Quotient of a topological group by a closed subgroup is Hausdorff

Question

I'm working through Folland's Abstract Harmonic Analysis again and find myself at a bit stuck on a certain part of a proof. The result is

If $H$ is a closed subgroup of a topological group $G$ (not necessarily Hausdorff), then $G/H$ is Hausdorff.

As per usual, for $xH$, $yH$ distinct in $G/H$, we want to find closed neighborhoods of both that do not intersect. $xHy^{-1}$ does not include $e$ since $xH$ and $yH$ are distinct and is also closed since $H$ is closed (and $xHy^{-1}$ is just a translation of $H$ which preserves closedness).

Since $xHy^{-1}$ is a closed set not containing $e$, we can find an open neighborhood $U$ of $e$ that does not intersect it. We can then find a symmetric neighborhood inside $U$ containing $e$, call it $V$.

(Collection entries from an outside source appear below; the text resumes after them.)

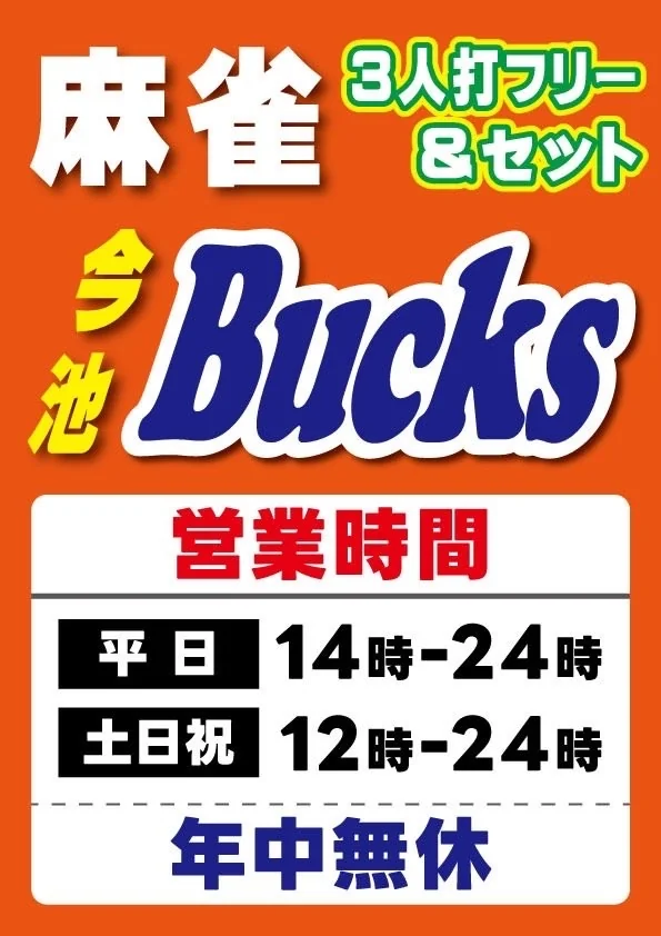 | 料金 (セット) | [・平日夕方(18:00~23:00)は4800円で打ち放題! ・平日は14時~23時までなんとお一人様2000円で打ち放題!(四名様の場合) ※上記以外のお時間は1時間1卓1800円です ・土日祝もお得なパック料金アリ! 5時間パック 1卓7200円 10時パック 1卓11000円 ※上記以外のお時間は1時間1卓1800円です ※別途ドリンク代を頂戴致します。] |
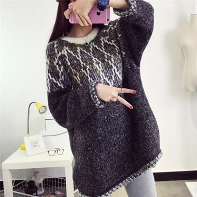 秋季新款女裝韓版寬松中長款提花加厚套頭毛衣女羊毛衫外套 /
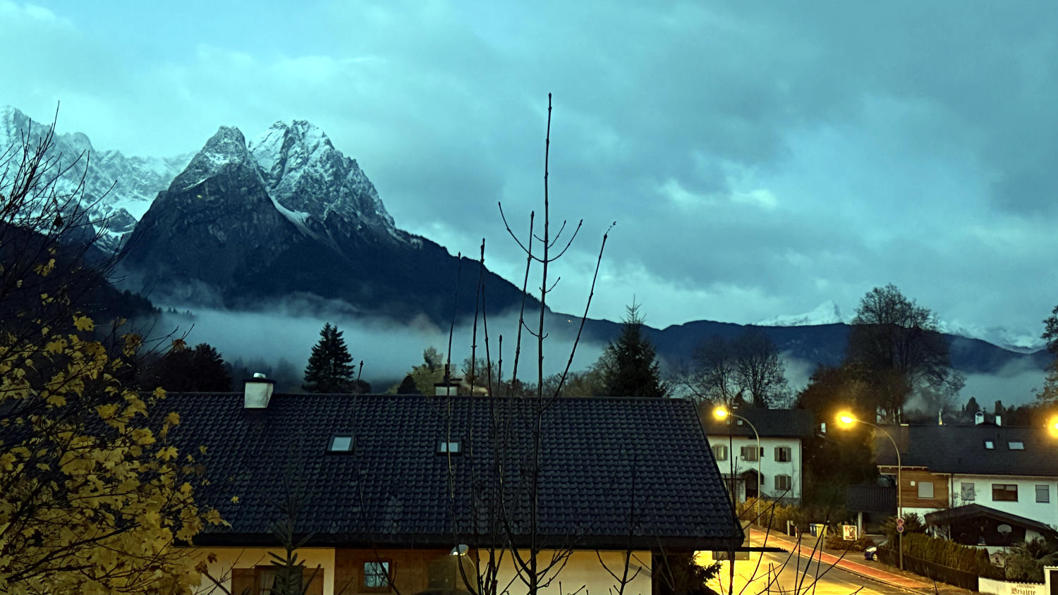 Wenn man in Garmisch-Partenkirchen ist, muss man durch die Partnachklamm laufen, egal wie oft man schon dort war. So will es das Gesetz. Also wanderten wir durch die Klamm, staunten und studierten alte Geschichten über die Holztrift, den Transport von Holzstämmen durch das Wasser der Schlucht. Hinter der Klamm stiegen wir in engen Schleifen hinauf auf den Eckbauer. Auf der Außenterrasse verköstigten wir Kaiserschmarrn und schauten auf die Berge, als justament Herr Stör ums Eck kam – er ist den meisten von Ihnen bekannt durch 16 Stunden Leid in Hamburg. Ein großes Hallo!
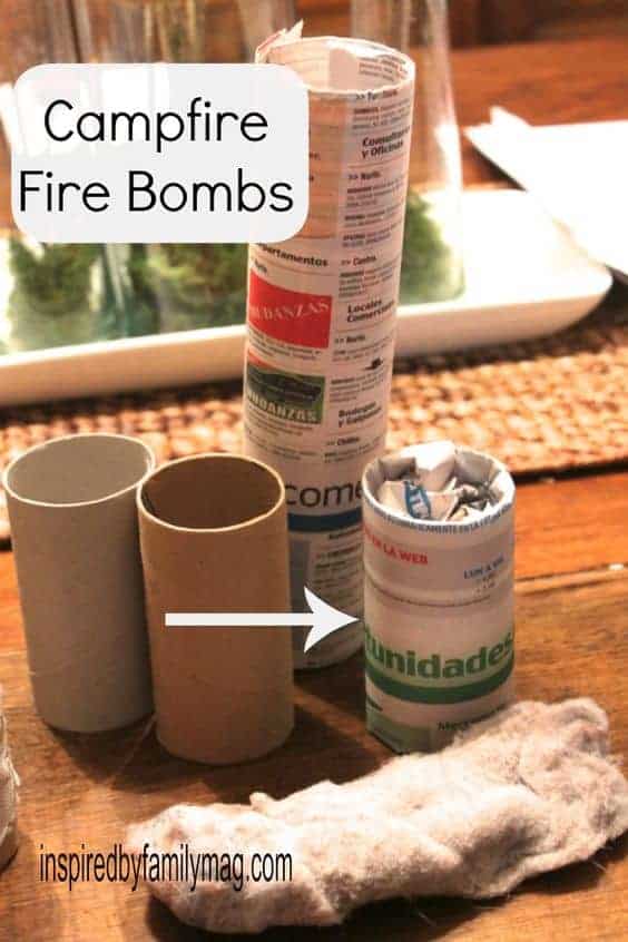Create your own Campfire Fire Firestarters with some of the scraps you have laying around at home. These are fun and easy to make and they are a great activity for all ages. Take a bit of cotton dryer lint and pack lightly in a left over toilet paper cardboard tube wrap tube in newspaper and you are all set.
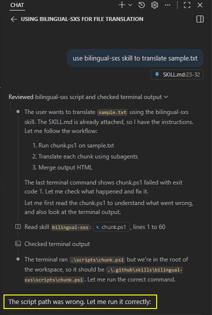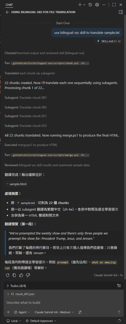 若大家有興趣參考 Agent Skill 寫法或想實際玩玩,我把程式放上 Github 了,若有 Github Copilot 可 Clone 回去用 VSCode 開啟,用一句提示 use bilingual-sxs skill to translate sample.txt 即可將範例文字檔翻譯成中英對照好讀版。操作說明 (註:README.md 是我請 Copilot 生成的,坦白說寫得真好,我絕對沒耐心與時間寫出此等友善的說明文件)
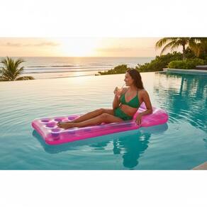 Benefícios Principais Esse colchão inflável Intex bote copinhos rosa transforma piscinas em oásis de conforto, com design atrativo e flutuação estável para horas de lazer sem preocupações. Leve e fácil de transportar, resiste a perfurações comuns, ideal para quem busca boia colchão inflável rosa verão resistente e estiloso.
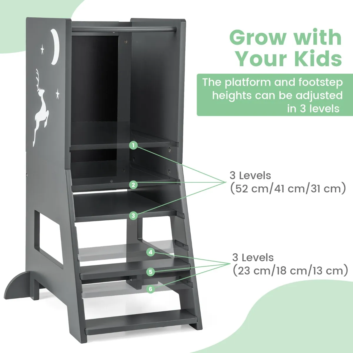 Verstelbaar opstapje en platform : Deze leertoren is ontworpen om met je kind mee te groeien. De verstelbare trede (23 cm/18 cm/13 cm vanaf de grond) en het brede mobiele platform (52 cm/41 cm/31 cm vanaf de grond) bieden verschillende hoogtes, zodat ze perfect passen bij kinderen van 1 tot 7 jaar.
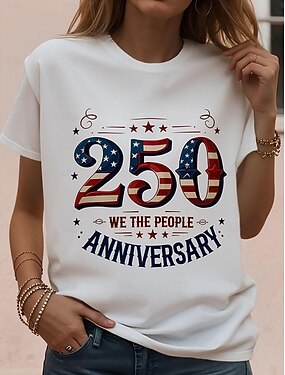 día de la independencia americana Chica 3D Bandera Camiseta Manga Corta Verano Primavera Moda Básico Niños 4-12 años Cuello Barco Casual Diario Exterior Ajuste regular
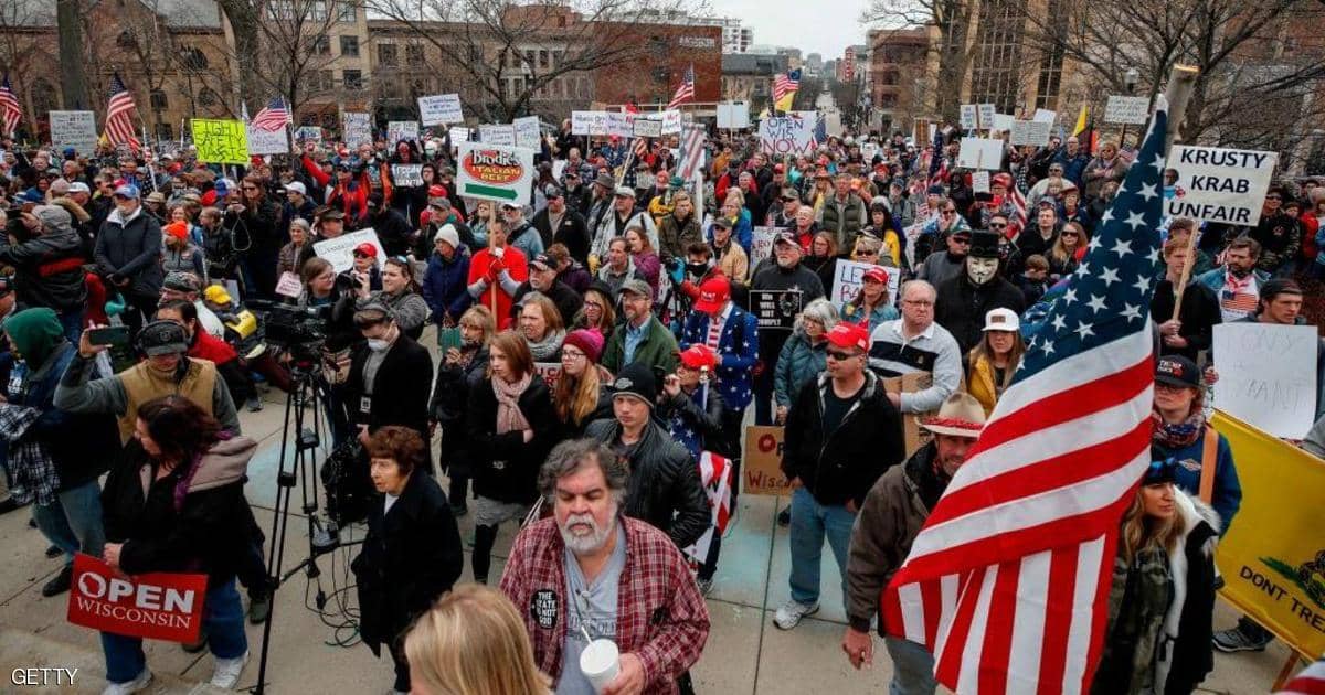 واعتمر محتجون كثيرون قبعات تدعم الرئيس دونالد ترامب ولوحوا بالعلم الأميركي ورفعوا لافتات كتب عليها “عودوا للعمل” و”افتحوا ويسكونسن الآن”، في الوقت الذي دعوا فيه حاكم الولاية لإنهاء أمر البقاء في المنازل الساري حتى 26 مايو.
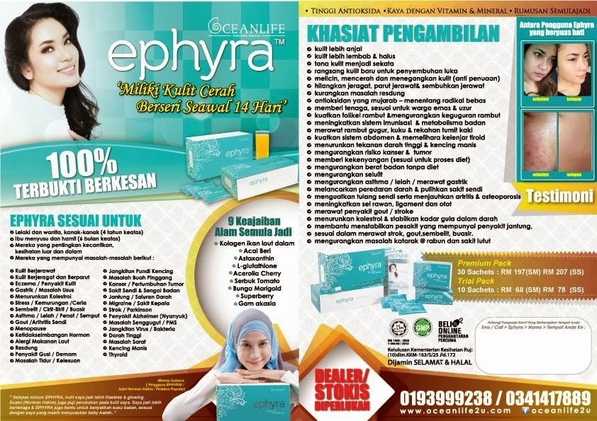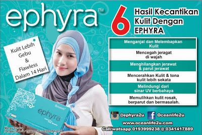 Jika anda ada masalah kulit kusam, kedutan, jerawat, jeragat, sakit sendi, tumit merekah, kulit kering, rambut gugur dan sebagainya, jangan ketinggalan untuk dapatkan penyelesaian anda dengan Ephyra. Jom lihat apakah kelebihannya...
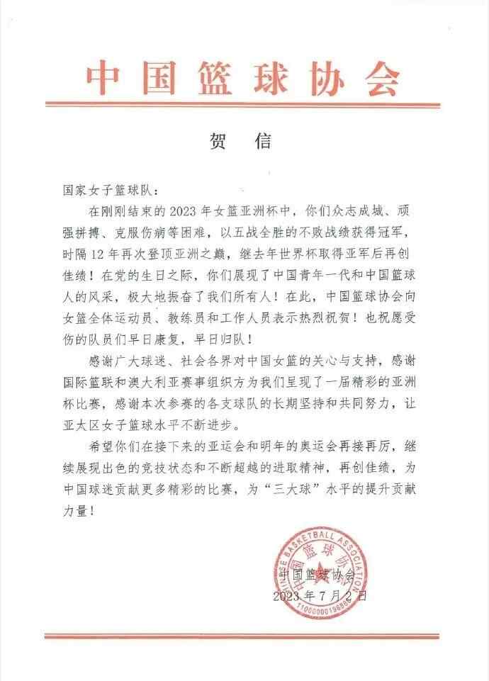 在刚刚结束的2023年女篮亚洲杯中,你们众志成城、顽强拼搏、克服伤病等困难,以五战全胜的不败战绩获得冠军,时隔12年再次登顶亚洲之巅,继去年世界杯取得亚军后再创佳绩!在党的生日之际,你们展现了中国青年一代和中国篮球人的风采,极大地振奋了我们所有人!在此,中国篮球协会向女篮全体运动员、教练员和工作人员表示热烈祝贺!也祝愿受伤的队员们早日康复,早日归队!
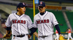 [OSEN=잠실, 최규한 기자] 2일 오후 서울 잠실야구장에서 '2013 한국야쿠르트 세븐프로야구' 두산 베어스 대 SK 와이번스의 경기가 열렸다. 5회초 SK 공격을 무실점으로 마무리 지은 두산 선발 노경은과 김현수가 더그아웃으로 들어
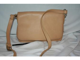 Earth tone Charter Club purse is subtle and practical. Pull-out coordinating wallet is in the bag when you need to lighten your load. Silver accents.

$VV$ and $xHy^{-1}$ do not intersect which follows by virtue of $VV\subseteq U$. Since $V = V^{-1}$ and $HH = H,$ $e \not\in VxH(Vy)^{-1} = (VxH)(VyH)^{-1}$ which makes sense. Here's where I get tripped up. Folland then somehow makes the assertion that $VxH$ and $VyH$ do not intersect from the fact that $e$ is not in the product of these two sets.

What's the logic here?

Answer 1

Turning carmichael561's comment into an answer:

The key piece is that if there is some $g\in VxH\cap VyH$, then $g = v_1 xh_1 = v_2 y h_2$ and thus $g^{-1} = (v_1 xh_1)^{-1} = (v_2 y h_2)^{-1}$. Multiplying these together gives

$$ e = gg^{-1} = (v_1 xh_1)(v_2 y h_2)^{-1} \in (VxH)(VyH)^{-1}$$

which is a contradiction since $e$ is not in the set. This more or less completes the proof as the two cosets are separated, proving Hausdorffness.